Jim was a good guy. But nevermind that.

Nevermind that he paid out thousands to irate bookies, nevermind that he paid special attention to every executive assistant he ever knocked up. He was kind, wholesome, and decent on most levels, but let us put that aside.

Jim had pride to deal with, pride and fear. He'd made enemies, clawing his way to the top, drinking from a ceramic cup while the rest of us sipped from foam and imagined him dead. No one saw it coming.

His door was locked that day--no one saw him jump. He liked to lock his door and turn out the light...must have felt we'd all imagined him gone, but we knew better: we knew Jim was always in there. But no one knew he'd left, through the back way.

They found him splattered, of course. Twenty-two floors of gravity will have that impact on a man's body, even a man as callous as Jim. Brains don't squash like mellons--oh, they splatter, but not absolutely. There's a greased sack of skin to hold them in and they whoosh out only through common orifices--ears, eyes, nose--and one or two others that the impact provides. But much stays within the shattered pulp of the skull, undulating on the sidewalk below.

None saw it coming. When the cops came to open the door, none had the key.

He'd written his note in the dwimmering of humanity's last stand, he'd written it electronically.
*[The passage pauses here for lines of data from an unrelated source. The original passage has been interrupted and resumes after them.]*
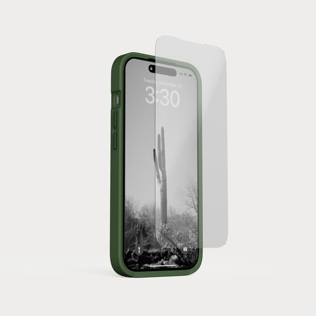Najboljša zaščita za zaslon v kombinaciji z ohišjem Moment Case za iPhone 15. Je trpežna, a lahka, kristalno čista in ne upočasnjuje delovanja zaslona.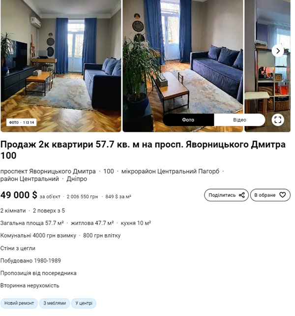 Сегодня купить квартиру в этом доме обойдется в 2 млн грн. За эти деньги покупатель получит 2-х комнатную квартиру, общей площадью 57,7 кв м, расположенную на 2 этаже 5-ти этажной части дома.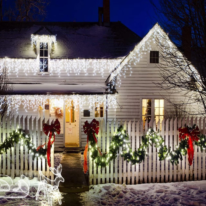 Instalație de Crăciun, cu franjuri cu flash, inegali, cu fir gros, cu led-uri tip țurțuri, interconectabilă, pentru exterior și interior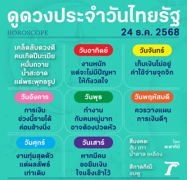 ดูดวงวันนี้ กับ ไทยรัฐ แนวทางมูเตลู เพื่อความโชคดี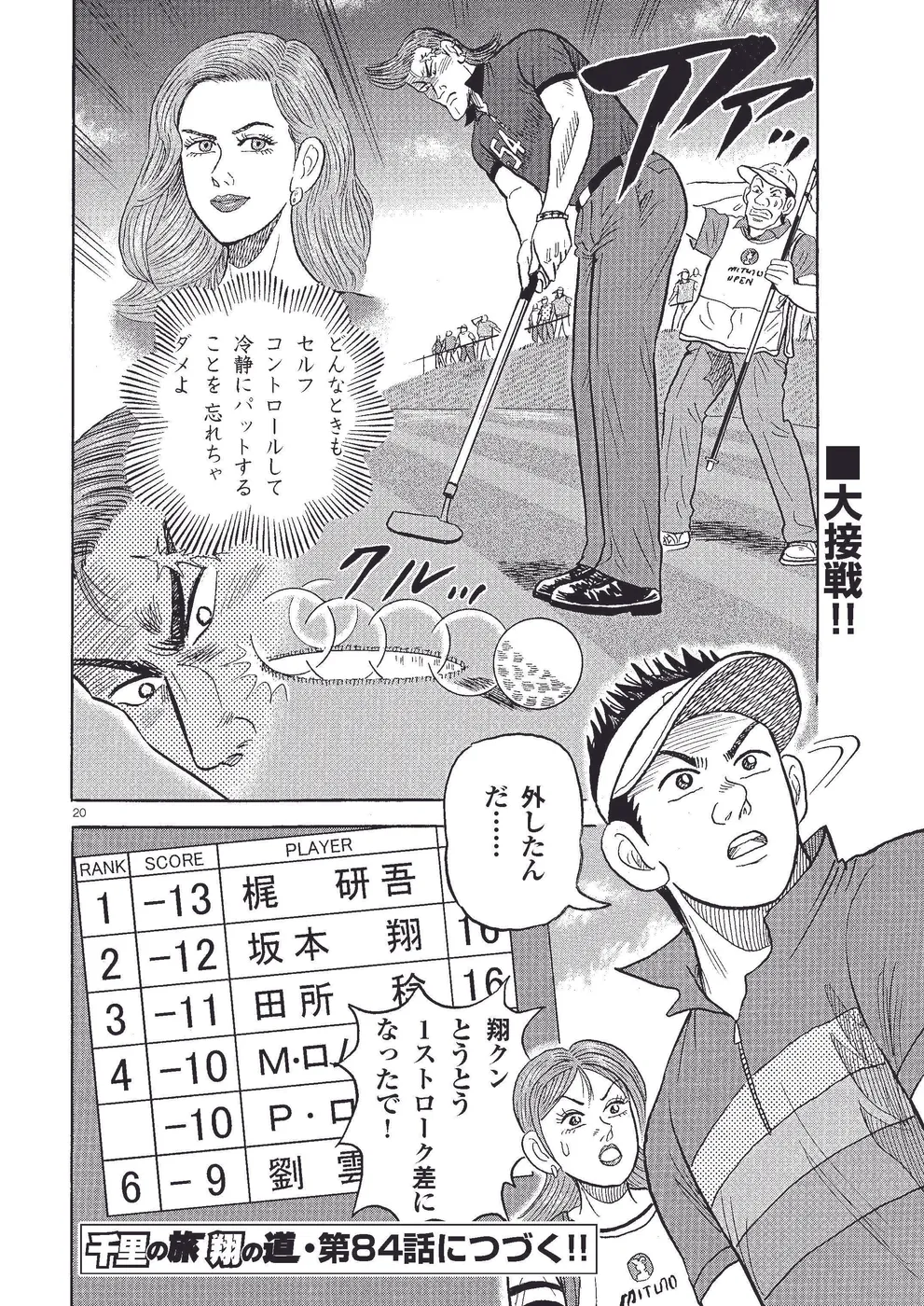 「ミツノオープン」で、伝説のキャディ・松浦銀次からミッションを携えたカンナをキャディとして送り込まれた翔。3日目、伯父の守が梶のキャディになり、敵に回ることに。首位の梶と一騎打ちの最終日終盤、3打差に迫った翔は、16番パー3でベタピンにつけて、事実上、梶との差を2打にするが……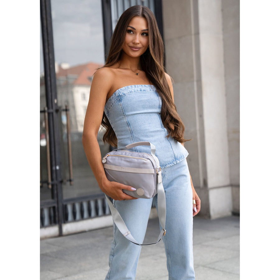 Moteriška „Peterson“ nailoninė rankinė per petį, pilka, su užtrauktuku P13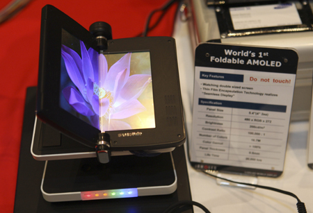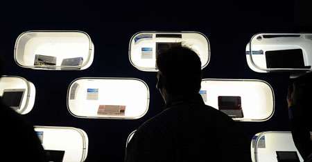 參觀者在英特爾公司展臺(tái)觀看英特爾推出的移動(dòng)上網(wǎng)設(shè)備。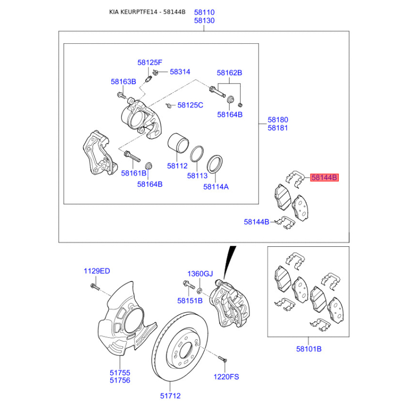 Поиск деталей можно выполнить по оригинальному коду 581443Q100.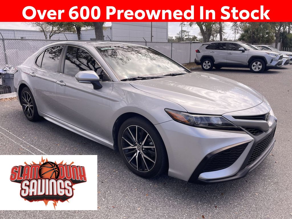 BACKUP CAMERA, BLUETOOTH HANDS FREE, ANDROID AUTO, APPLE CARPLAY, NON SMOKER, Camry SE, 4D Sedan, 2.5L I4 DOHC 16V, 8-Speed Automatic, FWD, Celestial Silver, Black Cloth, ABS brakes, Electronic Stability Control, Four wheel independent suspension, Front dual zone A/C, Fully automatic headlights, Low tire pressure warning, Remote keyless entry, Steering wheel mounted audio controls, 4-Wheel Disc Brakes, 6 Speakers, Air Conditioning, Alloy wheels, AM/FM radio: SiriusXM, Apple CarPlay/Android Auto, Auto High-beam Headlights, Automatic temperature control, Brake assist, Bumpers: body-color, Delay-off headlights, Driver door bin, Driver vanity mirror, Dual front impact airbags, Dual front side impact airbags, Exterior Parking Camera Rear, Fabric Seat Trim w/Sport SofTex, Front anti-roll bar, Front Bucket Seats, Front Center Armrest, Front reading lights, Heated door mirrors, Illuminated entry, Knee airbag, Occupant sensing airbag, Outside temperature display, Overhead airbag, Overhead console, Panic alarm, Passenger door bin, Passenger vanity mirror, Power door mirrors, Power driver seat, Power steering, Power windows, Radio data system, Radio: AM/FM Audio System, Rear anti-roll bar, Rear seat center armrest, Rear side impact airbag, Rear window defroster, Security system, Speed control, Speed-sensing steering, Split folding rear seat, Spoiler, Tachometer, Telescoping steering wheel, Tilt steering wheel, Traction control, Trip computer, Turn signal indicator mirrors, Variably intermittent wipers, Wheels: 8.0J x 18" Black Machined-Finish Alloy, Camry SE, 4D Sedan, 2.5L I4 DOHC 16V, 8-Speed Automatic, FWD, Celestial Silver, Black Cloth, ABS brakes, Electronic Stability Control, Four wheel independent suspension, Front dual zone A/C, Fully automatic headlights, Low tire pressure warning, Remote keyless entry, Steering wheel mounted audio controls.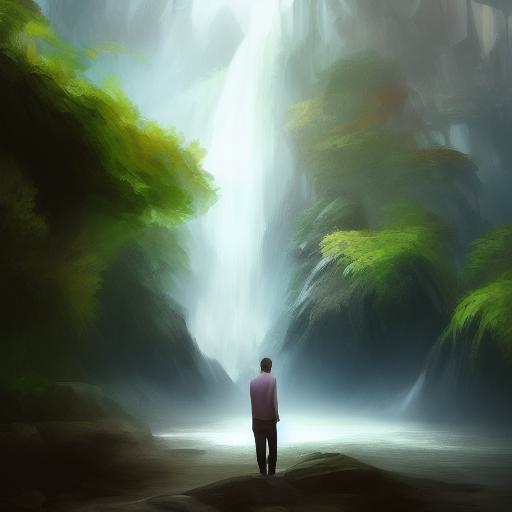 Digital painting of man standing in front of a waterfall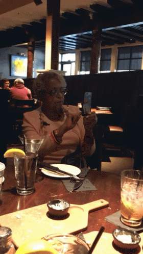 An older woman is seated at a restaurant table, holding up her phone, possibly taking a selfie.
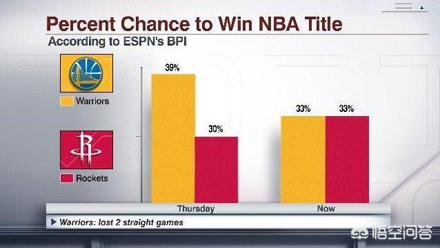 据最新的ESPN夺冠预测显示:火箭和勇士拥有了相同的概率,同为33%!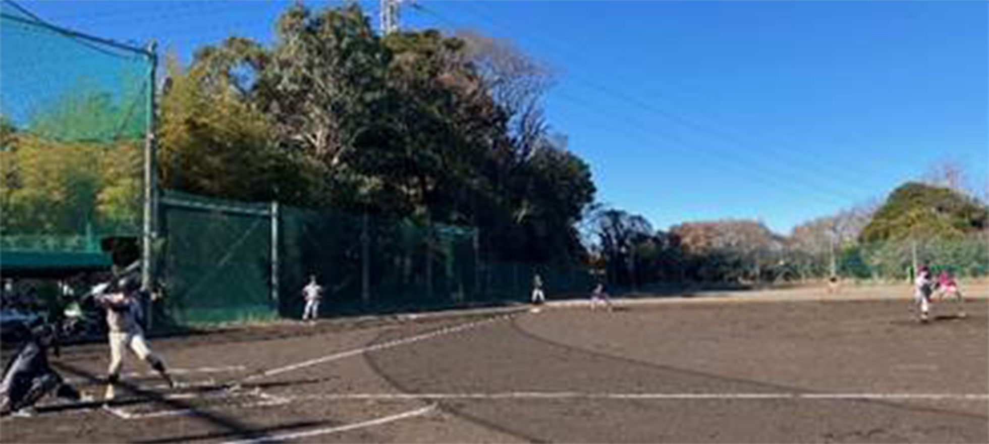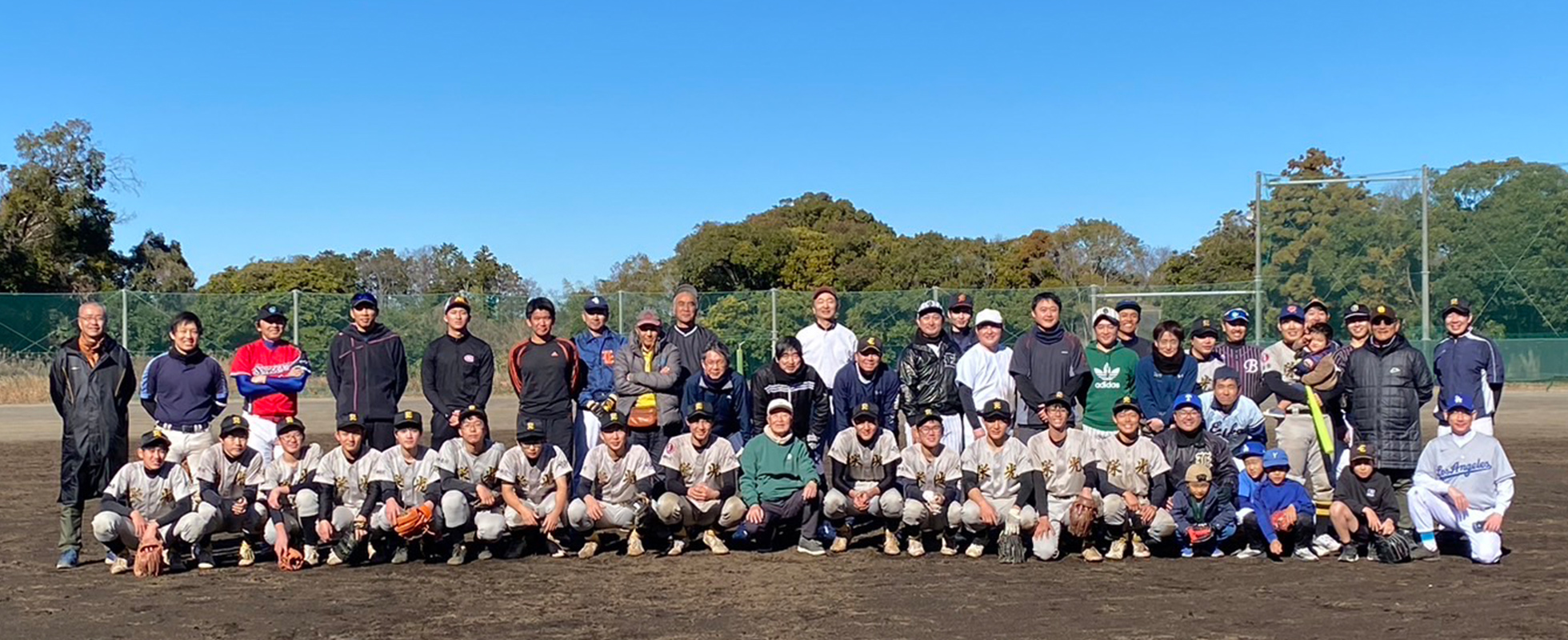 前夜にかなり強いみぞれが降ったので、グランドコンディションが心配でしたが、幸い影響はなく、雲一つない晴天の下で野球に興じることができました。OB31名とその家族6名、吉田先生、関東大会に出場した選手を多く含む現役選手14名の総勢50名のオール栄光野球部が懐かしのグランドに集合し、10時に花井会長(12期)の挨拶のもと試合を開始しました。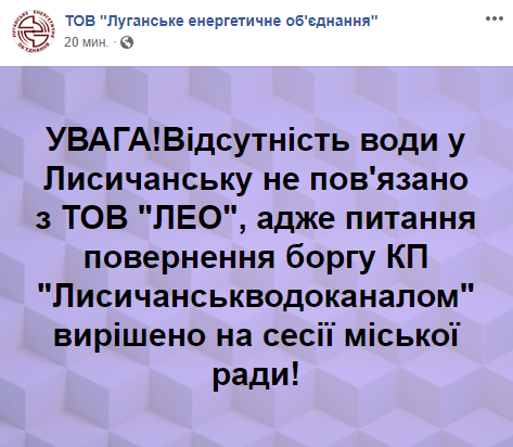 !Внимание! Отсутствие воды в Лисичанске не связано с ООО "ЛЭО", поскольку вопрос возврата долга КП "Лисичанскводоканал" решен на сессии городского совета!" - сообщается на странице ЛЭО в Фейсбуке.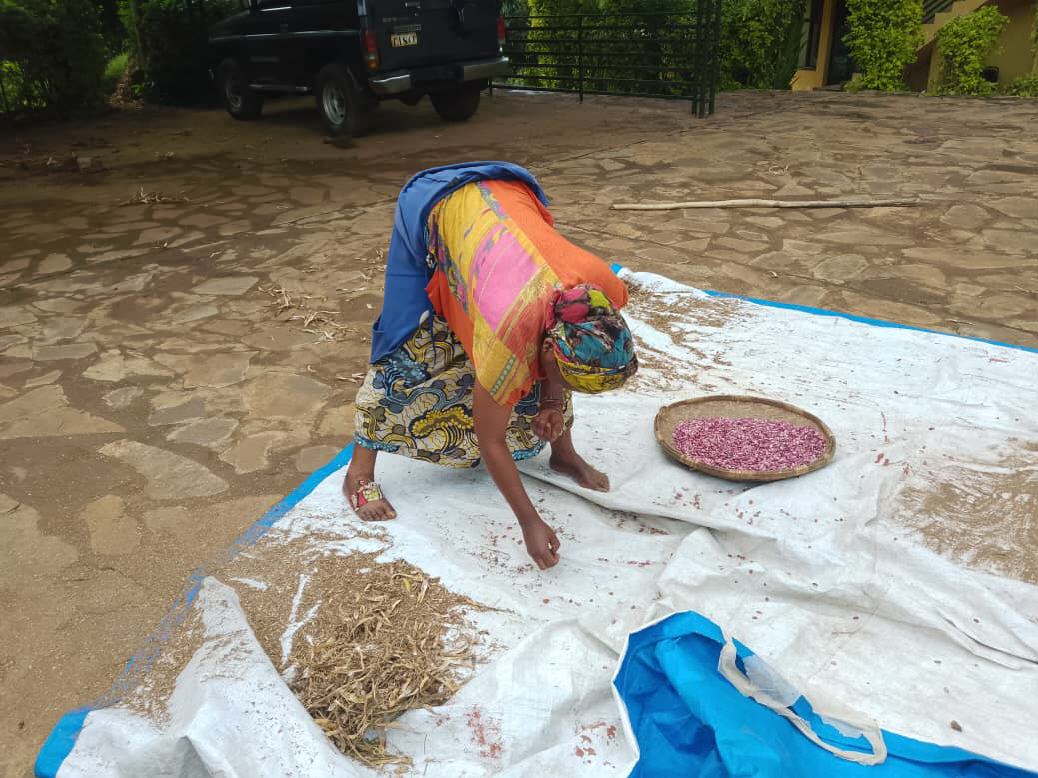 Dieu merci, depuis le 11 janvier, les mères, regroupées au sein de Mutuelle de solidarité (MUSO) sont occupées à récolter les haricots, maïs et tournesols. Les aliments riches en vitamines sont soigneusement séchés et momentanément conservés sous forme de graines en vue de prochaines semailles.
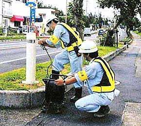情報BOX・・・道路管理の高度化を図るための道路管理用光ファイバーの収容空間として情報ボックスを整備しました。その予備空間に民間事業者の光ファイバーを収容することにより、光ファイバーネットワークの早期実現を支援します。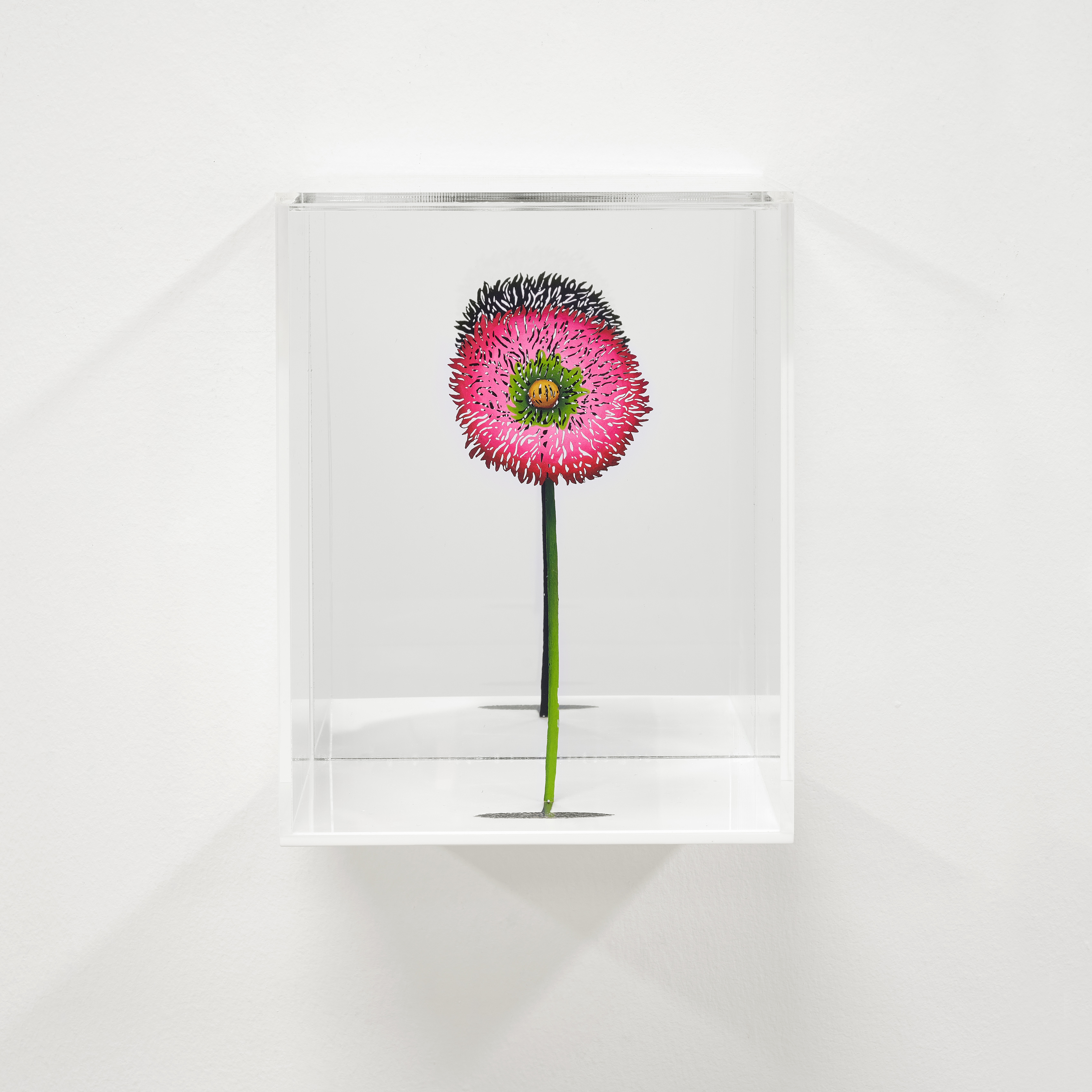 Non tutto è perduto, così come comunicano le opere di Zadok Ben-David all’interno della mostra allestita da Nashira Gallery, che rende visibile la duplice realtà in cui il singolo vive e agisce. Esposte a parete, una serie di piante e fiori in acciaio sono custoditi sotto teca come per segnalarne la loro preziosità e importanza. Lo specchio retrostante sottolinea il loro essere indispensabili per la biodiversità e l’incessante lotta per la sopravvivenza. Simbolo di questa battaglia sono le sfumature multicolori intervallate da quelle nere sul lato opposto. È il caso del soffione di tarassaco rosa Changing Mood 5 (2023) e delle numerose varietà di vegetali in Desert Bloom (2021).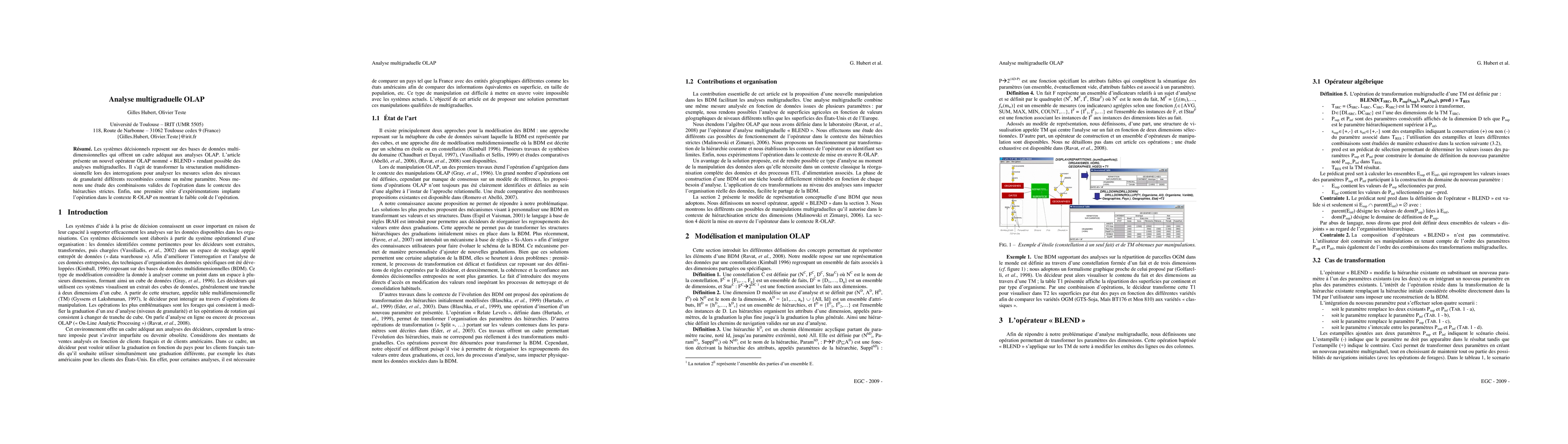 The paper introduces a new OLAP operator "BLEND" for multigradual analyses, enabling the transformation of multidimensional structures to analyze measures across various granularity levels. Initial experiments in an R-OLAP framework demonstrate the slight computational cost of this operation.

Too bright to merely hit ctrl-S, he'd "saved as" text only. His note, which caused at least one hardened veteran of the NYPD to cry real tears, salt tears, was saved in text-only format. Jim wouldn't let any of Microsoft's blasted preformatting follow him to the grave: he'd said what he wanted to say, and that only. And he'd saved. (Good thing, too, lest some well-meaning law-enforcement agent click an X and Jim go bye-bye.) We love him for this.

He shall be missed.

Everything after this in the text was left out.